Though further research on microplastics and human health is needed, these studies already have the potential to draw attention to the global plastic crisis. “If you tell people more facts surrounding microplastics in the ocean, they don’t seem perturbed by it,” says lead author Kieran Cox, a marine biology PhD candidate at Canada’s University of Victoria. “But if you tell them there’s a small piece of plastic in their food, they’re really connected to that.”
Avoiding food wrapped in plastic can reduce your exposure to microplastics. Also, try to limit your consumption of food and beverages packaged in cans. Many are lined with a plastic-based epoxy resin — including many listed as bisphenol A (BPA) free. And don’t microwave food in plastic containers, particularly if it will be fed to children.

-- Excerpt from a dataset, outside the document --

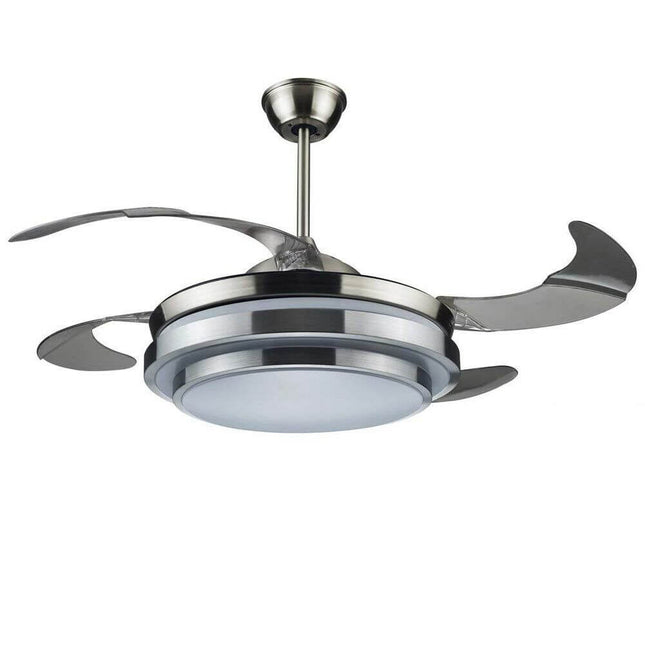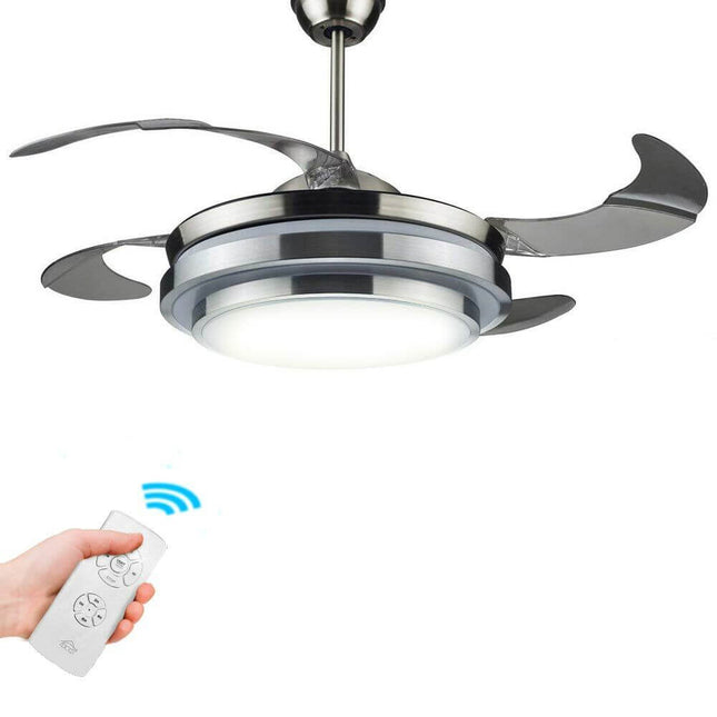 VENTILAZIONE E ILLUMINAZIONE 2IN1: Ventilatore da soffitto Ø110 cm con 4 pale richiudibili, plafoniera LED a 3 tonalità e telecomando incluso.

A mountain of evidence indicates that the hormone-mimicking chemicals in plasticizers such as BPA and di(2-ethylhexyl) phthalate (DEHP) can harm human health.
“The problem is these chemicals, aptly called obesogens, have the potential to make us sick and fat,” explains Sara Gottfried, MD. “They stimulate hormones that can increase appetite and reduce metabolism — a dangerous one-two punch when it comes to weight gain.”
“Moreover, these chemicals can also increase the number and size of fat cells,” she adds. “They can predispose you to weight gain and present a serious barrier when it comes to weight loss.”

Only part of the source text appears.